Founder and CEO Jason Sullivan believes he has the product to back up that ambition — an innovative, smartly designed, tiny device with the processing power of a tower but that uses a fifth of the electricity.

Although others before him have failed to gain much of a market share against the giants, the 30-something Sullivan contends "there will be a changing of the guard. There will have to be a new group of guys that bring in new ideas, who are innovating. I think that's what we've started to see. This is the birth of that next great company, of that next great idea."

Sullivan believes his bluster is backed up by a shiny, eye-catching aluminum case with no side bigger than 4 inches. It's inside, though, where the company sees its greatest edge in the market it hopes to conquer beginning early next year.

The device's novel size and its ability to be easily upgraded come from the fact that the normal motherboard has been sliced into three pieces. The main board holds the processors and memory, while a second acts as an interface between the various parts and functions.

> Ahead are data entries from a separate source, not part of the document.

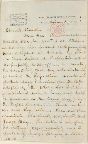 letter to Lincoln is shown in the fifth image. Copies of the Daily Chicago Journal are not known to be extant for September 1854, but the paper most likely initially
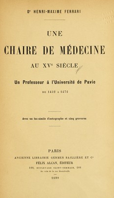Une chaire de médecine au XVe siècle : [Giammatteo Ferrari da Grado] un professeur à l'Université de Pavie de 1432 à 1472.
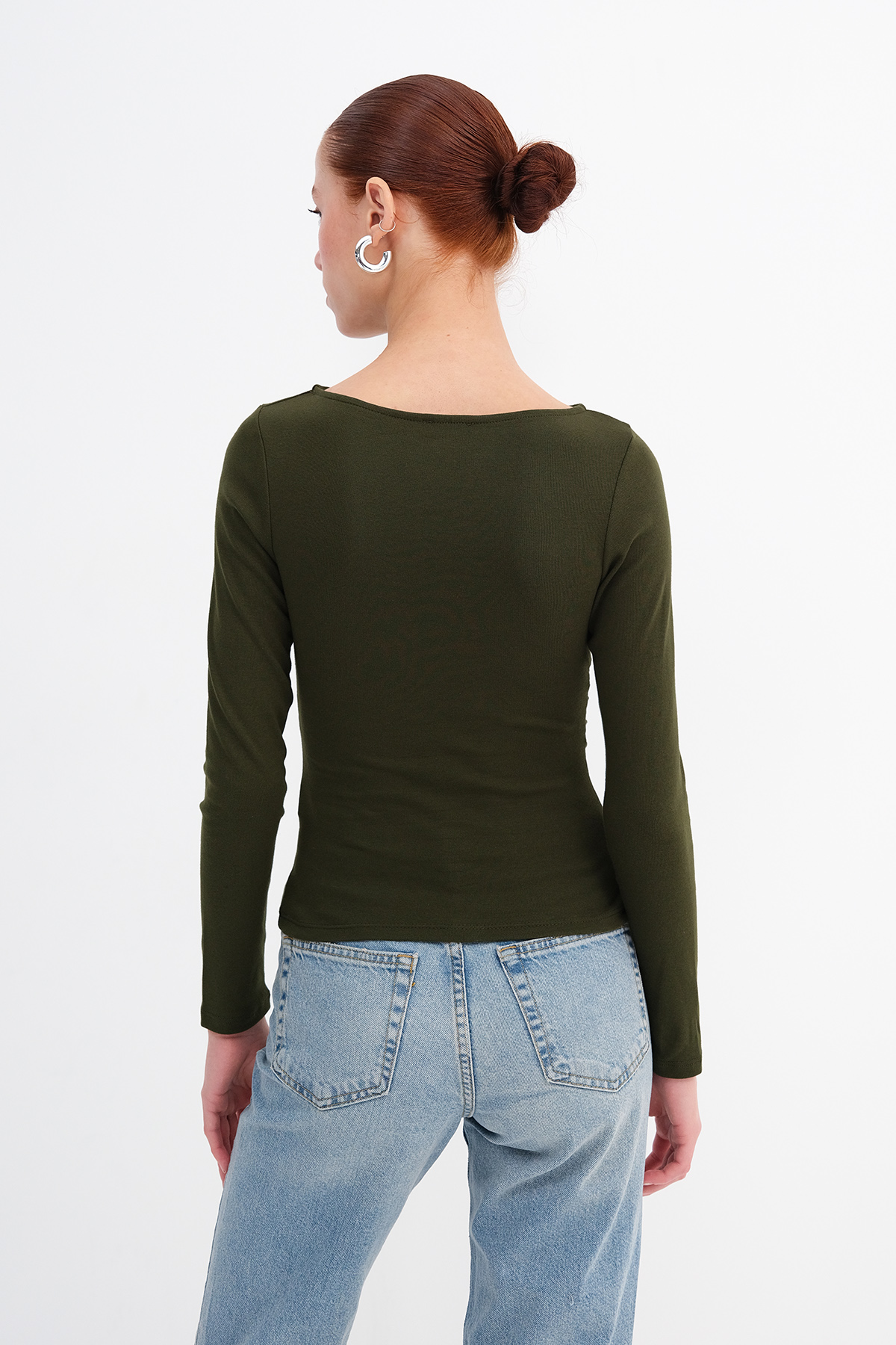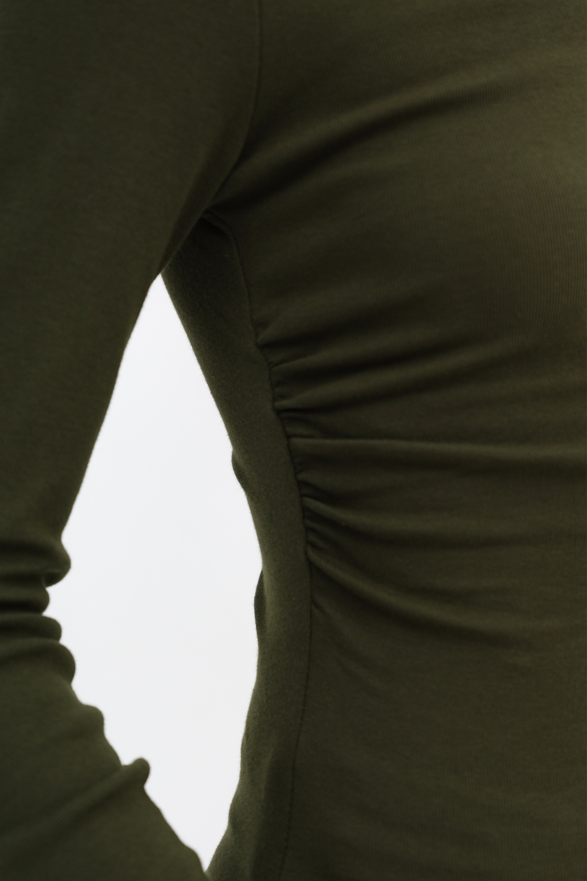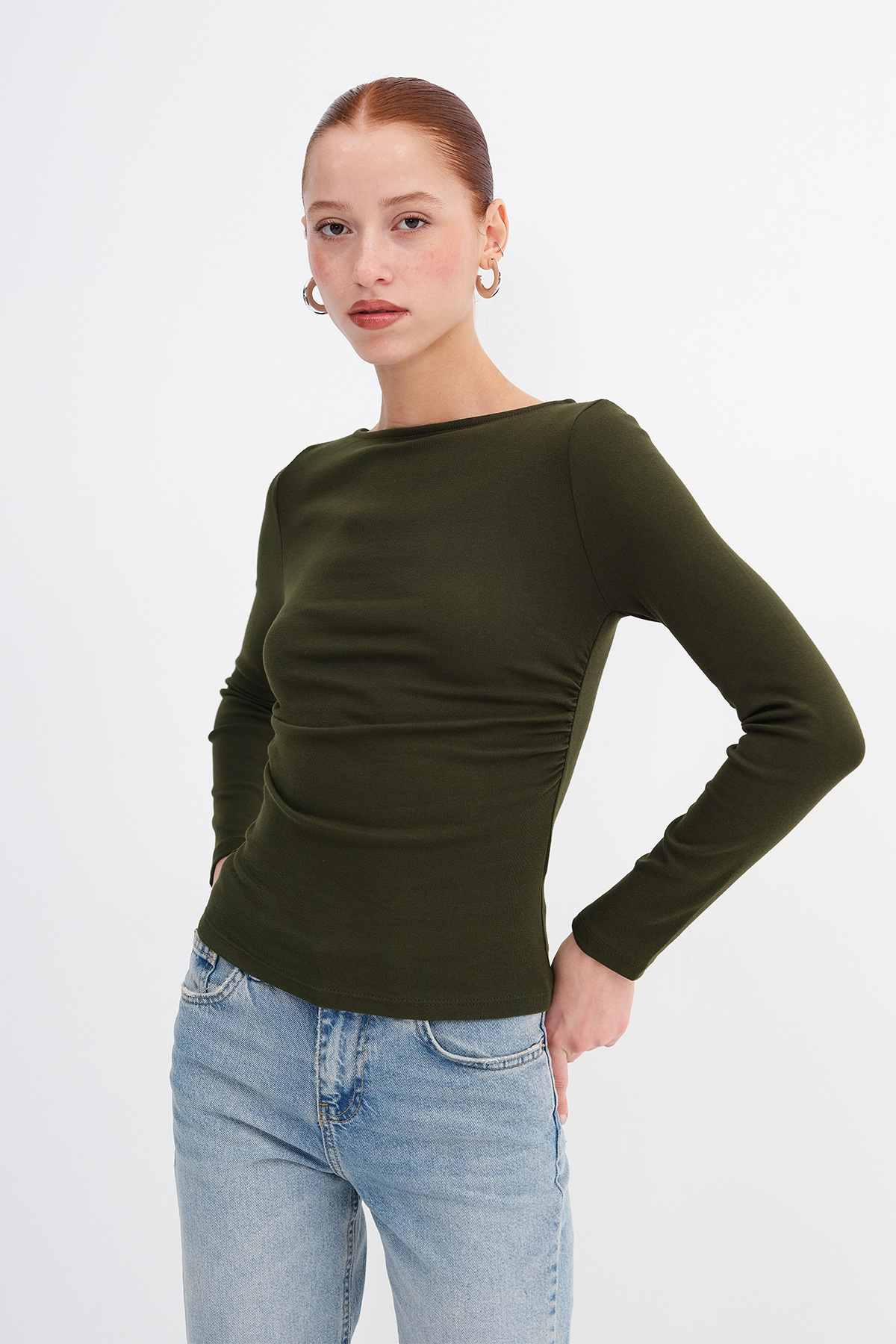 * Yanı büzgülü, düz renk, vücudu saran bluz,
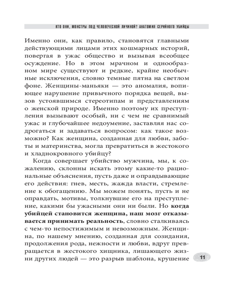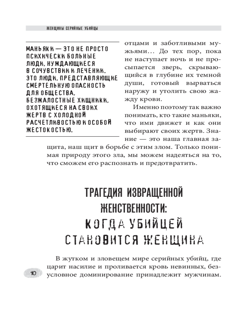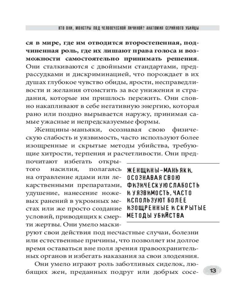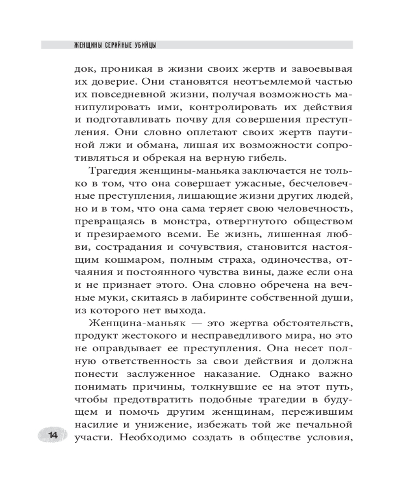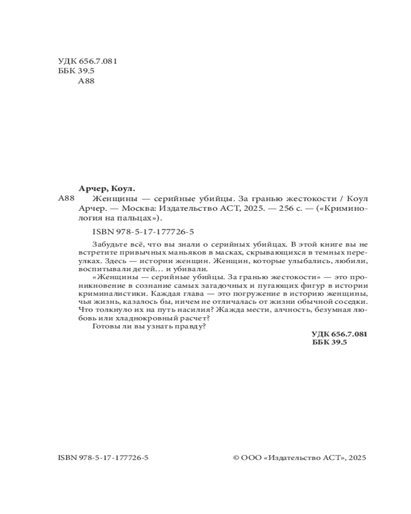 💳 Оплатить за товар можно при получении 🇰🇿 Есть бесплатная доставка по Казахстану от 1 дня 🎁 Копите бонусы с каждой покупки Серия: Криминология на пальцах Забудьте все, что вы знали о серийных убийцах. В этой книге вы не встретите привычных маньяков в масках, скрывающихся в темных переулках. Здесь — истории женщин. Женщин, которые улыбались, любили, воспитывали детей... и убивали. «Женщины — серийные убийцы. За гранью жестокости» — это проникновение в сознание самых загадочных и пугающих фигур в истории криминалистики. Каждая глава — это погружение в историю женщины, чья жизнь, казалось бы, ничем не отличалась от жизни обычной соседки. Что толкнуло их на путь насилия? Жажда мести, алчность, безумная любовь или хладнокровный расчет? Готовы ли вы узнать правду? |
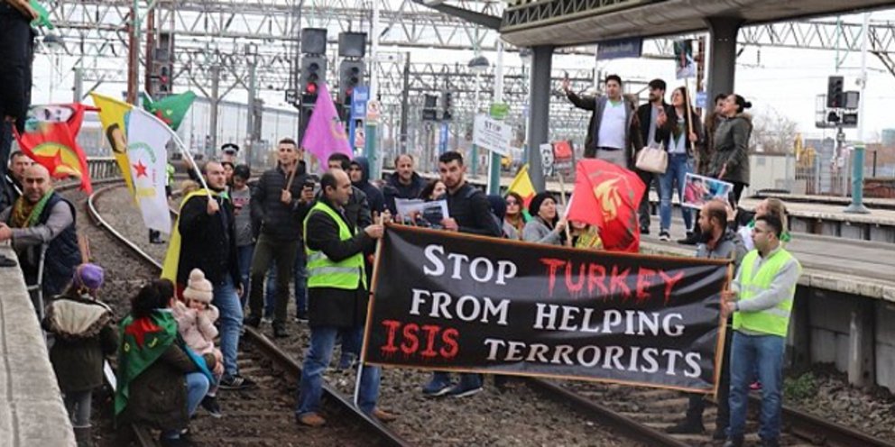 Σε βίντεο που μετέδωσαν βρετανικοί ιστότοποι διακρίνονται οι διαδηλωτές να κατεβαίνουν στις ράγες. Κρατούσαν σημαίες της κουρδικής πολιτοφυλακής Μονάδες Προστασίας του Λαού (YPG) και φωτογραφίες του Αμπντουλάχ Οτσαλάν, του φυλακισμένου ηγέτη του PKK.
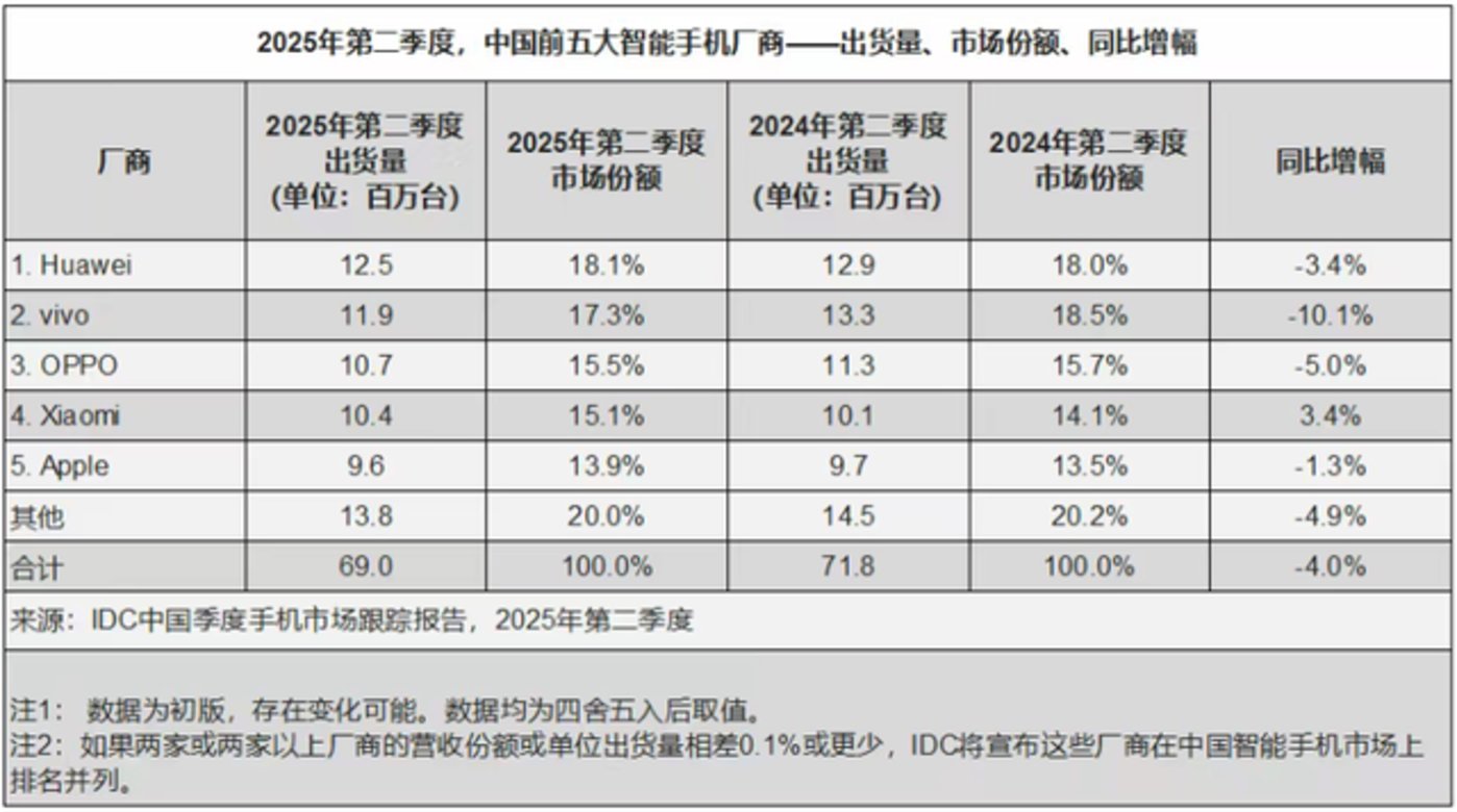 根据 IDC 的数据显示,就在 2025 年第二季度,华为已凭借 18.1% 的份额重夺中国市场出货量第一的宝座。而苹果,则以 13.9% 的份额,滑落至第五。华为的强势归来,成了苹果在中国高端市场 「躺赢」 时代的终结者。
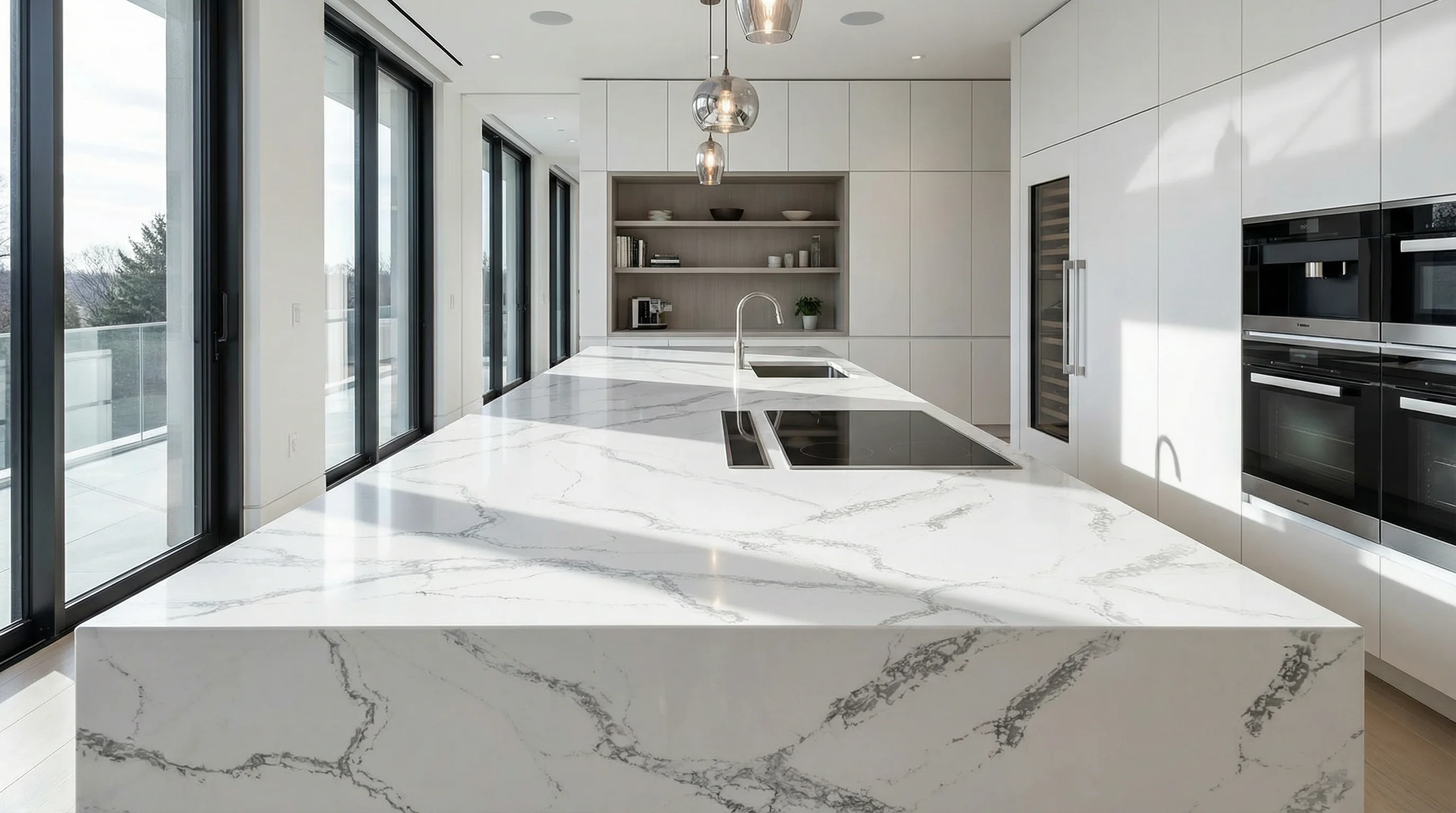 Эта поверхность воплощает в себе эстетику безмятежного спокойствия и классического благородства. Мягкий, молочно-белый фон пронизан тонкими дымчатыми нитями, которые переплетаются в уникальный природный узор, напоминающий едва уловимые блики на морском мелководье. Такой рисунок наполняет интерьер светом и воздухом, превращая обычное пространство в гармоничный ансамбль чистоты и изящества.
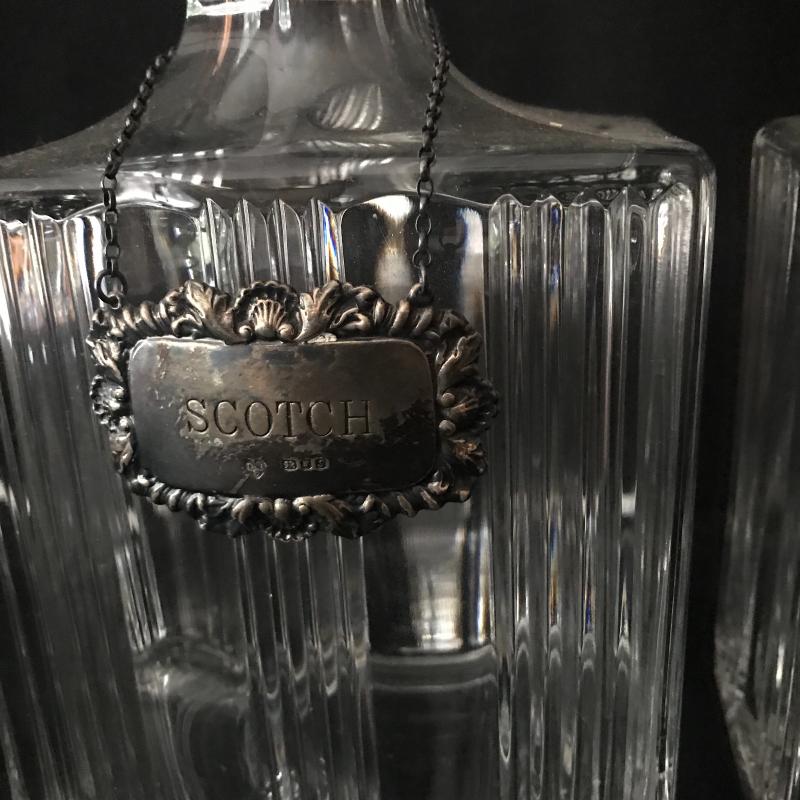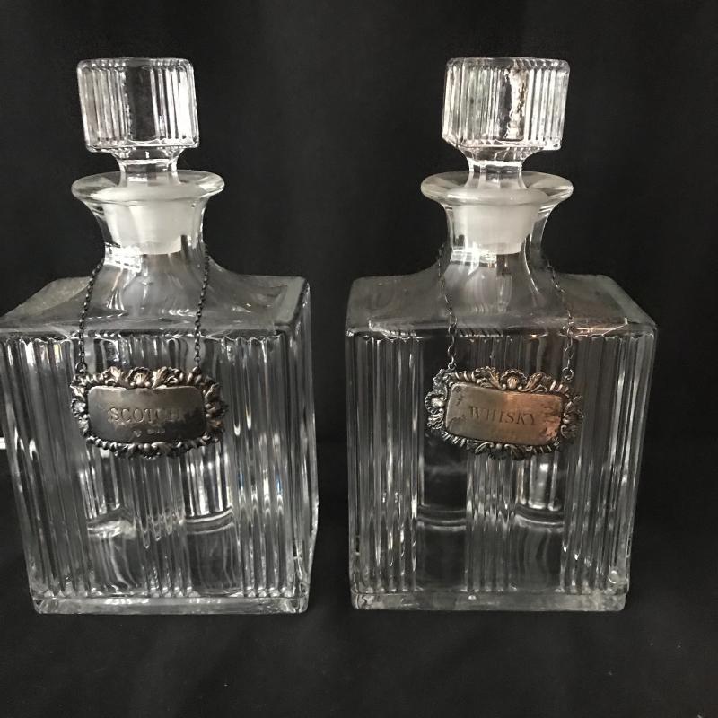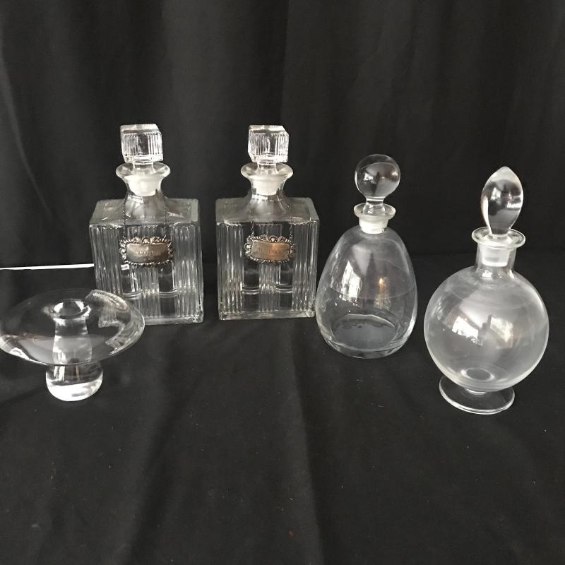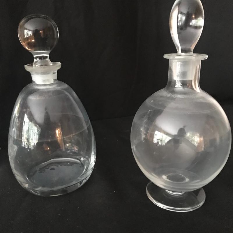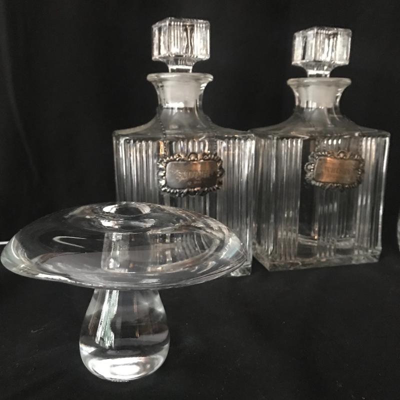 Two matching decanters with liquor tags and two that complement each other. Solid glass mushroom shaped piece. No apparent marking on any. Lot available for shipping.
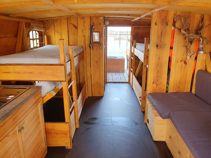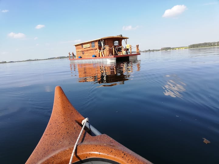 قارب سكني على البحيرة
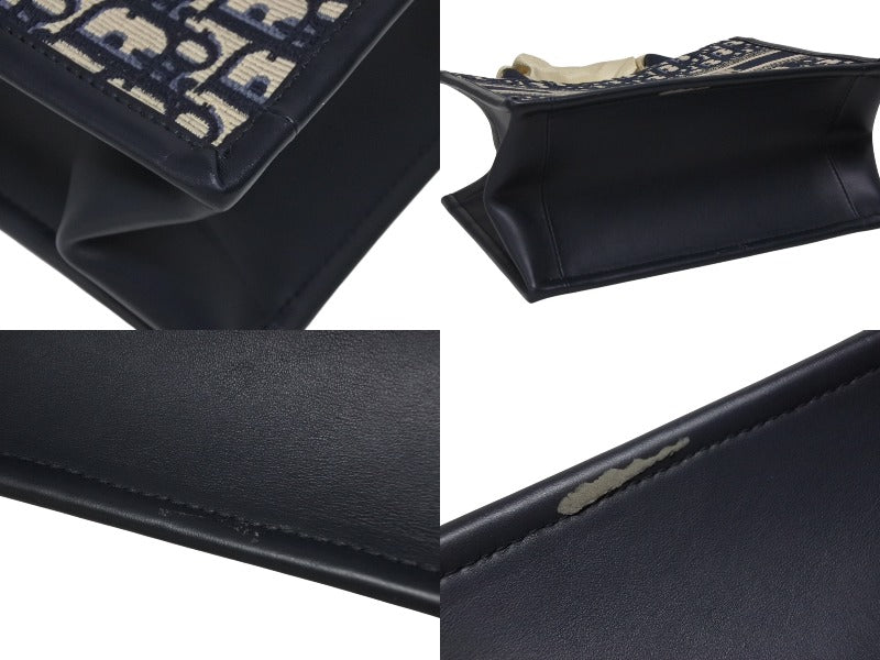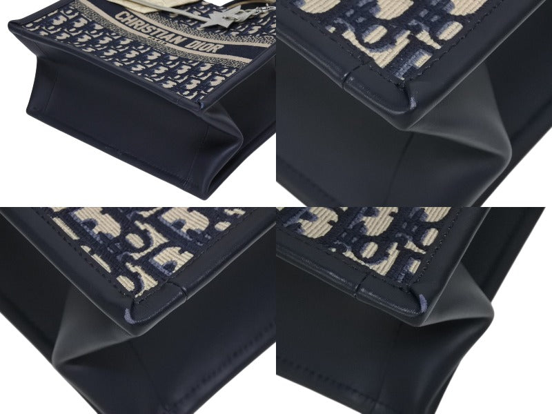 極美品 CHRISTIAN DIOR クリスチャンディオール ブックトート スモール ハンドバッグ M1325CZBB_M928 ネイビー オブリーク柄 中古 4b010153

The third card handles power, video and input and output ports for the keyboard and mouse, audio and video jacks, connections for monitors and TVs, and for the USB that connects to cameras and printers.

The third board can be smoothly changed out — eight screws hold the entire shell together — and new outputs added, such as for the next generation of USB ports or for a specialized use by a particular company. That makes the computer highly flexible and adaptable for a multitude of uses.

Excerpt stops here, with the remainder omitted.